The Sunshine State, says Fleming, founder of Fleming’s Prime Steakhouse & Wine Bar, P.F. Chang’s China Bistro and sister brand Pei Wei Asian Diner, “is the best place in the country to do business. It's just much more efficient — that’s the best word I can think of.”

Fleming and his wife and business partner, Jody Goodenough-Fleming, now want their growing company, Naples-based Paul Fleming Restaurant Group, to reflect that. One big move to back that up: in October the firm moved the corporate offices of its Paul Martin’s American Grill concept from California to Naples. 


Good environment 

Founded in 2006, Paul Martin’s — Martin is Paul Fleming’s middle name — has seven locations, split between five in California and one each in Arizona and Texas. The company is currently scouting for spots for Paul Martin’s locations in Southwest Florida and hopes to have a place in Naples and/or Estero sometime next year. Expansion for the brand to Tampa and Miami is also on the horizon.

“We are delighted to bring the Paul Martin’s business to our talented Florida management team, expanding our enterprise and preparing this brand for future growth,” Goodenough-Fleming says in a statement. “We love our local community and are proud supporters of the entrepreneurial spirit and pro-business environment embodied by the Sunshine State.”

Paul Martin’s is one of four brands in the PFRG portfolio, joining Lake Park Diner, PJK Neighborhood Chinese and Paulitas’ Taqueria. The company opened a second Lake Park Diner in North Naples and a second PJK Neighborhood Chinese location in Coconut Point, Estero over the past year. While no longer majority owners, the company also maintains a partnership with the Fleming’s Steakhouse brand and has invested in several other startup hospitality concepts. All of the marketing, branding, HR, accounting, IT and more for those concepts will now be done out of an office in Old Naples, near Fifth Avenue South. It has some 10 employees in the corporate office; officials declined to disclose annual sales figures for PFRG. 

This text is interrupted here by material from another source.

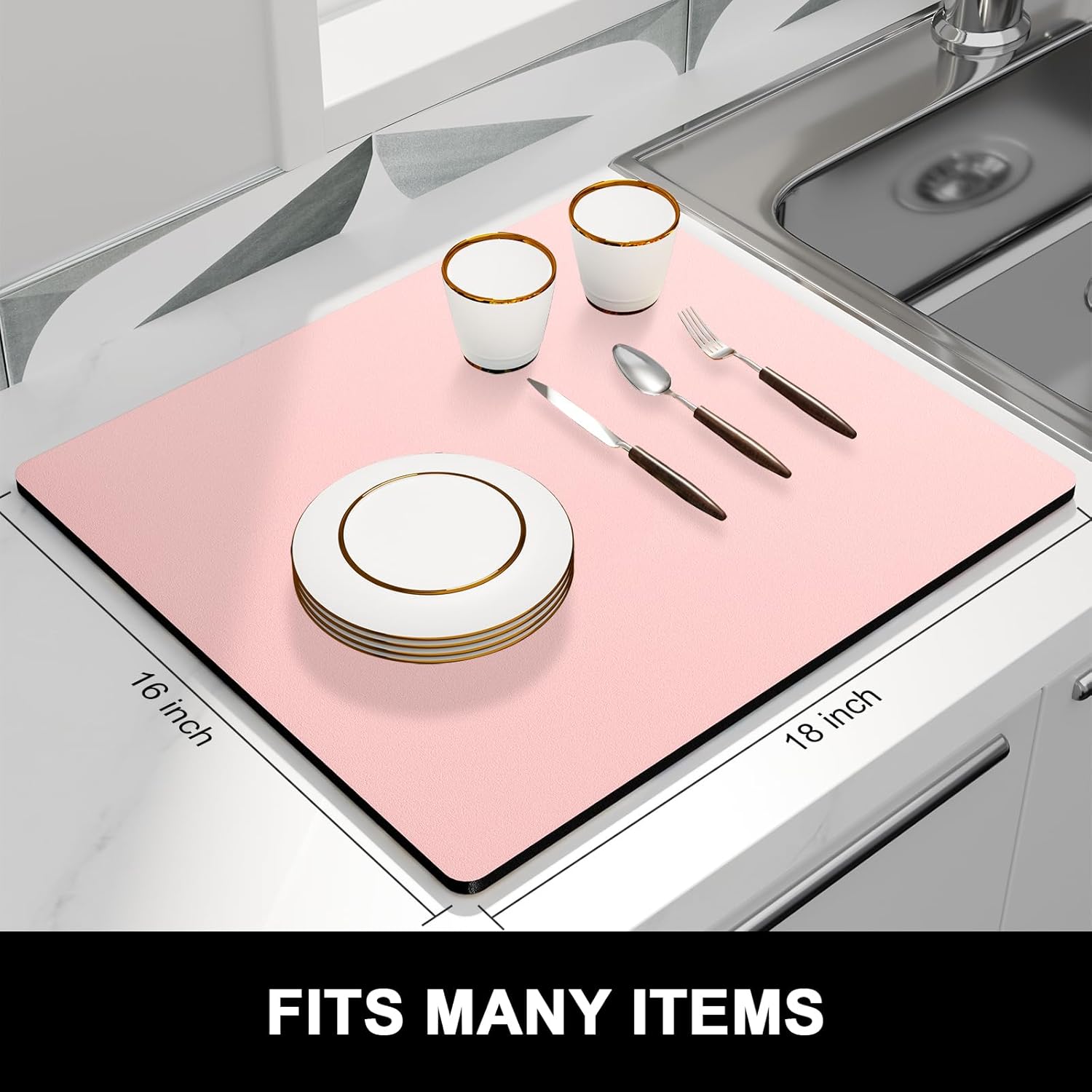 Rnivvi Dish Drying Mat for Kitchen Counter, 16 x 18" Cute Absorbent Heat Resistant Drying Pad with Non-slip Rubber, Coffee Bar Mats for Coffee Machine Dish Rack Kitchen Decor Accessories, Pink

“We're starting to consolidate our businesses for all the reasons we know about and the country knows about, and not picking on any states, but Florida is just vibrant, healthy, has great colleges, you can recruit good people here,” Fleming says in an early November interview. “People want to be here. You don't have to convince people to move here. It's a good base to recruit from, and people don't want to leave here.”


Other fields

Naples residents for about a decade, the couple — he’s from Louisiana, she’s from Idaho — is busy on the Naples philanthropic scene. They have supported the Naples Children Foundation and are trustees for the nationally-known Naples Winter Wine Festival. Other organizations they support include Sisters of Humility of Mary, Lake Park Elementary, the Guadalupe Center and the Golisano Children’s Museum.

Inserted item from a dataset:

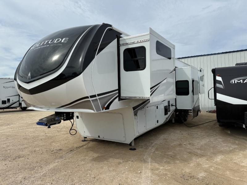 Each Solitude fifth wheel by Grand Design features a 101" wide-body construction, heavy duty 8,000 lb. axles, frameless tinted windows, and high-gloss gel coat sidewalls. You can camp year around thanks to the Weather-Tek Package that includes a 35K BTU high-capacity furnace, an all-in-one enclosed and heated utility center, and a fully enclosed underbelly with heated tanks and storage. Inside, you'll love the premium roller shades, hardwood cabinet doors, solid surface countertops, plus residential finishes throughout to make you truly feel at home. Each model also includes a MORryde CRE3000 suspension system, self adjusting brakes, and a MORryde pin box that will provide smooth towing from home to campground. Affordable luxury is possible with the Solitude fifth wheels; choose yours today!
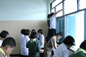 News วันนี้ (1 กรกฎาคม 2554) เป็นวันที่โรงเรียนได้ประกาศให้เป็นวันทำความสะอาดครั้งใหญ่ทั้งโรงเรียน ซึ่งได้รับความร่วมมือจากนักเรียนทุกชั้นเรียนเป็นอย่างดี ต่างพากันทำความสะอาดห้องเรียน เช็ดล้างโต๊ะเก้าอี้กันอย่างเป็นมหกรรมจริงๆ สมาชิกแต่ละห้องแบ่งหน้าที่กันทำความสะอาด ใช้เวลาในการทำงานไม่ถึง 3 ชั่วโมง ทุกห้องเรียนก็สะอาดเอี่ยม

Paul Fleming and Jody Goodenough-Fleming operate four brands under the Paul Fleming Restaurant Group umbrella.
Paul Fleming and Jody Goodenough-Fleming operate four brands under the Paul Fleming Restaurant Group umbrella.
Photo by Stefania Pifferi

The couple comes to restaurants from other fields: Fleming worked in the oil and gas business in Denver prior to getting into restaurants in the early 1980s, when he acquired the rights to the Ruth’s Chris Steak House brand for California, Arizona and Hawaii. Fleming’s Steakhouse debuted in 1998. Goodenough-Fleming, meanwhile, is a trained commercial air pilot. She flew for a company in the music industry, and earlier in her career was part of humanitarian medical transport flights for health care organizations.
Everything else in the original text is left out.